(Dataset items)

- - - - - - -

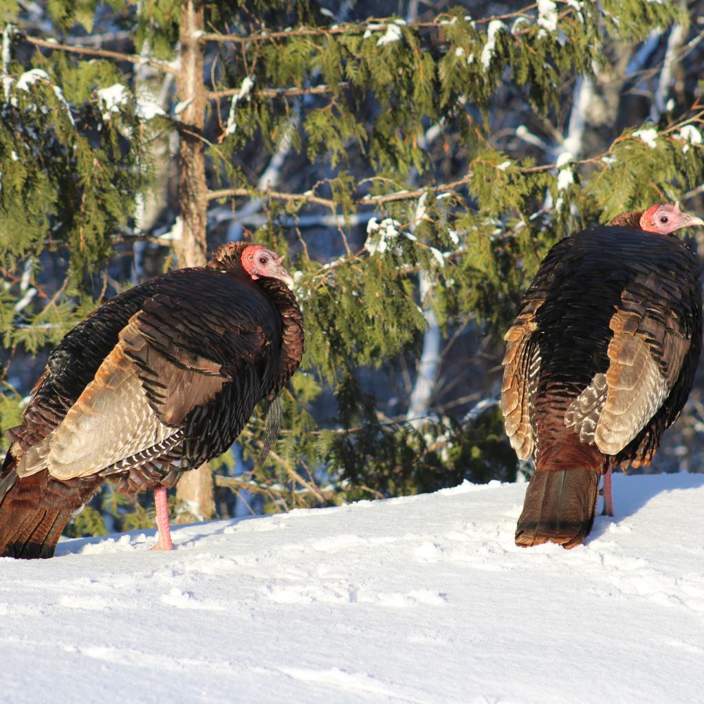 Wallpaper Two wild turkeys in the snow in the forest
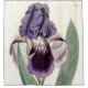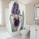 Shower curtain with a botanical painting of a purple iris.
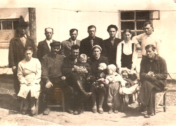 Вверху крайние справа Александра и Иван Киселёвы, на руках ссыльнопоселенцев
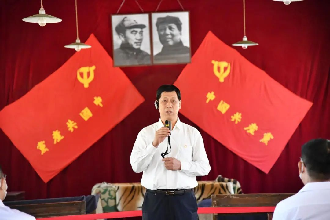在中共七届二中全会旧址,常新平书记为全体党员上了一堂简短而生动的党课,强调思想政治教育工作者要切实肩负践行传播知识、传播思想、塑造生命、塑造新人的时代重任,将“大思政课”善用之,充分发挥独特的红色资源优势,赓续红色血脉,让红色精神春风化雨,让红色基因润物无声,强化革命信仰,讲好思政内核,切实培根铸魂。
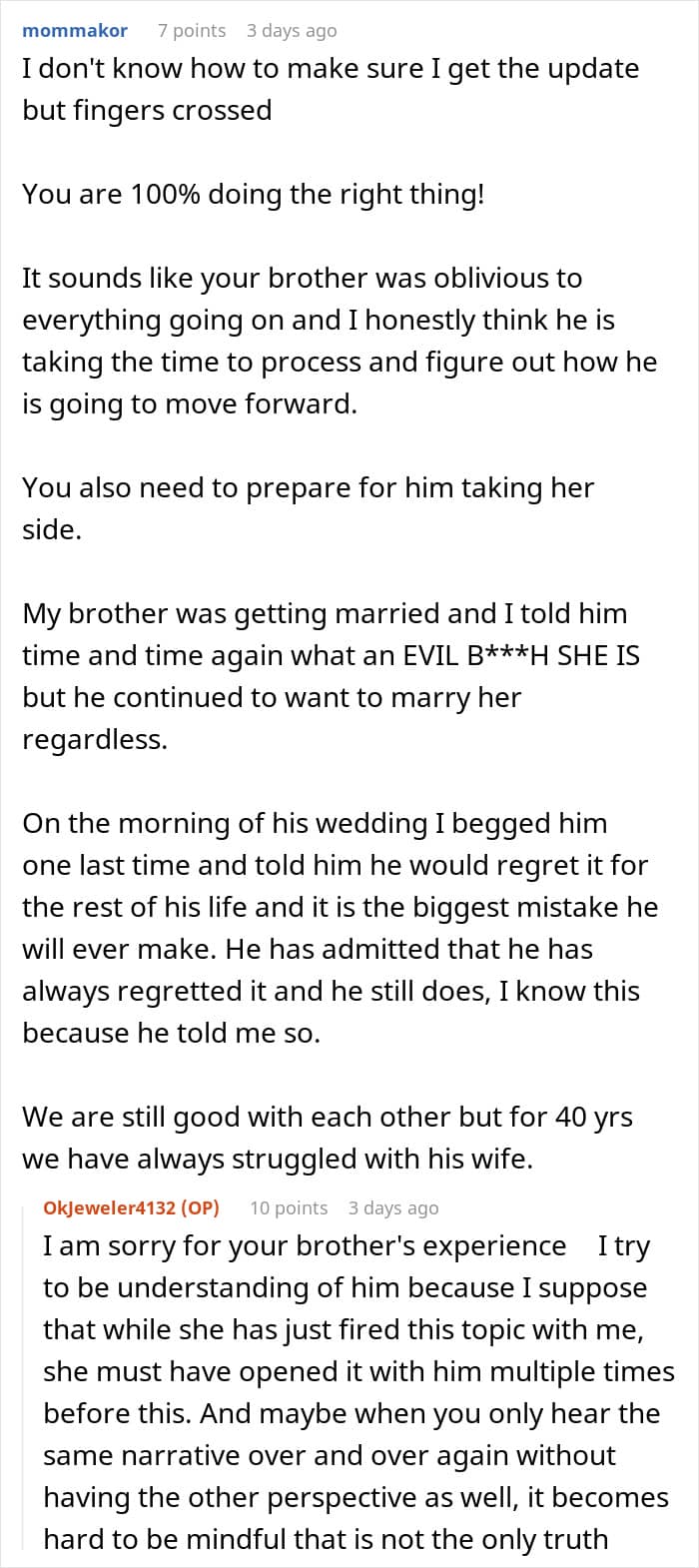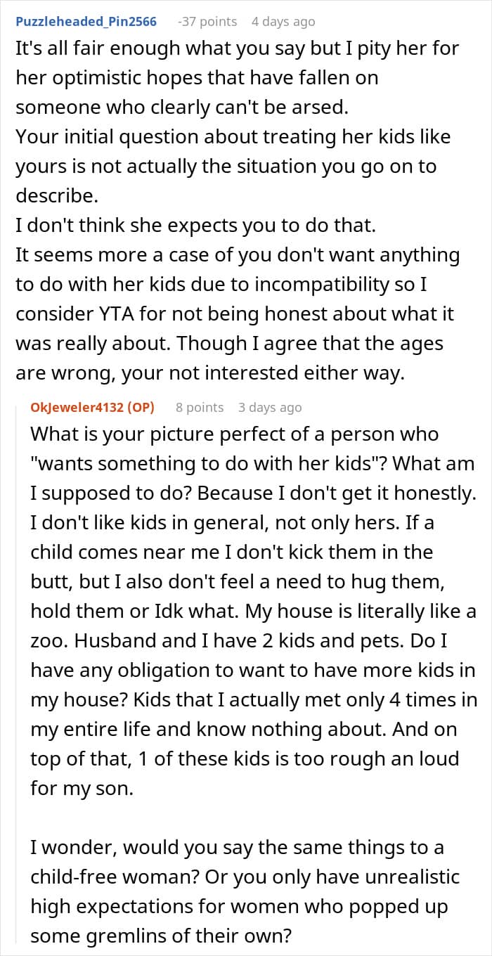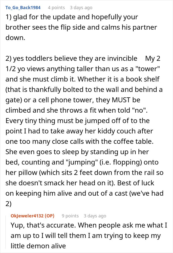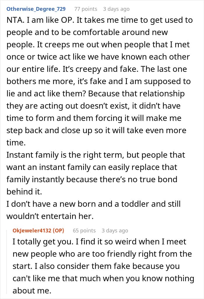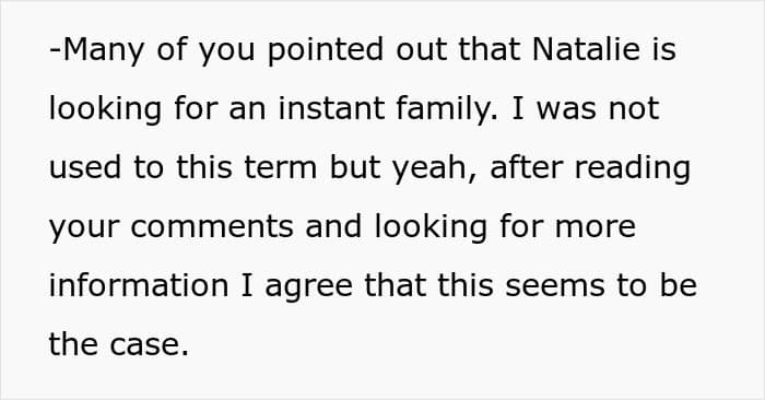 Ultimately, the worst of the “instant family” mentality is that it skips over the most important step: consent. Adult relationships, whether between step-children and step-parents, in-laws and new partners, or extended relatives and significant others, grow healthiest when people are afforded the autonomy to move at their own speed. When all parties’ roles and boundaries are respected, the resulting family may not be instant, but it’s a hell of a lot better chance it’ll be real, solid, and founded on actual connection. And if you want to know what happens next, she later shared an update that can be found below.
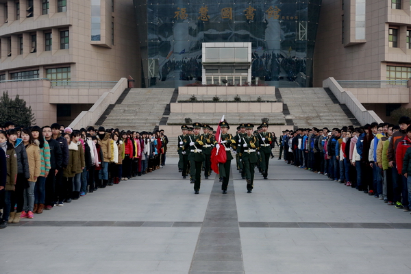 學(xué)校歷來重視國防教育工作,2014年學(xué)工部也將愛國主義教育列入工作要點(diǎn)。日常以國旗護(hù)衛(wèi)隊(duì)升旗活動為基礎(chǔ),在重大節(jié)日、重大事件節(jié)點(diǎn)配合學(xué)校相關(guān)部門和學(xué)生社團(tuán)做好主題宣傳活動。全年組織升旗儀式42次,共有24000人次參加,很大程度上提升了廣大師生的愛國主義熱情。
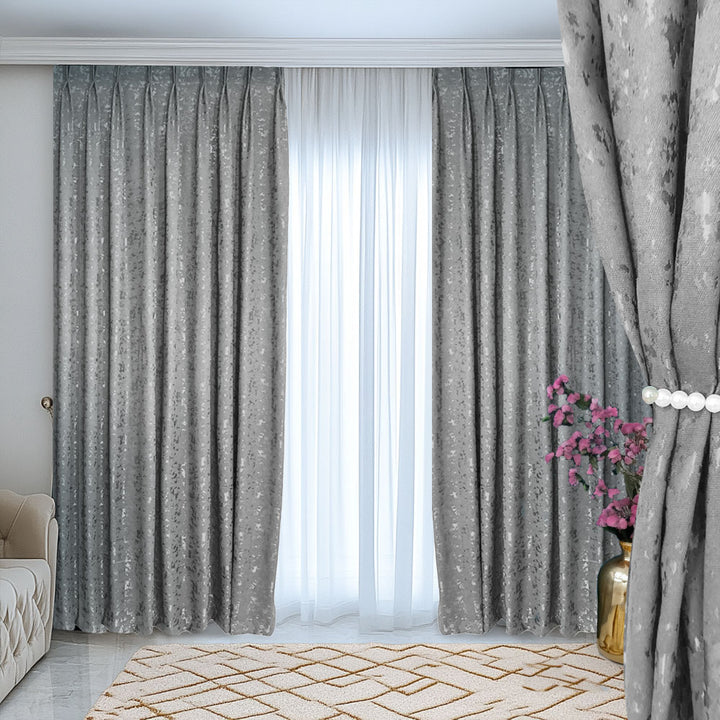 Deko Vorhang mit eleganter Textur Oberfläche Hellgrau – mit Kräuselband (1 Stück)

- - - - - - -

#### ASSIGNED TASK:
Taking the records above, print only and exactly the lines from the line with "Shower curtain with" to the line with "Ultimately, the worst", both kept, and exclude pictures.

#### SOLVED EXERCISE:
 Shower curtain with a botanical painting of a purple iris.
 Вверху крайние справа Александра и Иван Киселёвы, на руках ссыльнопоселенцев
在中共七届二中全会旧址,常新平书记为全体党员上了一堂简短而生动的党课,强调思想政治教育工作者要切实肩负践行传播知识、传播思想、塑造生命、塑造新人的时代重任,将“大思政课”善用之,充分发挥独特的红色资源优势,赓续红色血脉,让红色精神春风化雨,让红色基因润物无声,强化革命信仰,讲好思政内核,切实培根铸魂。
 Ultimately, the worst of the “instant family” mentality is that it skips over the most important step: consent. Adult relationships, whether between step-children and step-parents, in-laws and new partners, or extended relatives and significant others, grow healthiest when people are afforded the autonomy to move at their own speed. When all parties’ roles and boundaries are respected, the resulting family may not be instant, but it’s a hell of a lot better chance it’ll be real, solid, and founded on actual connection. And if you want to know what happens next, she later shared an update that can be found below.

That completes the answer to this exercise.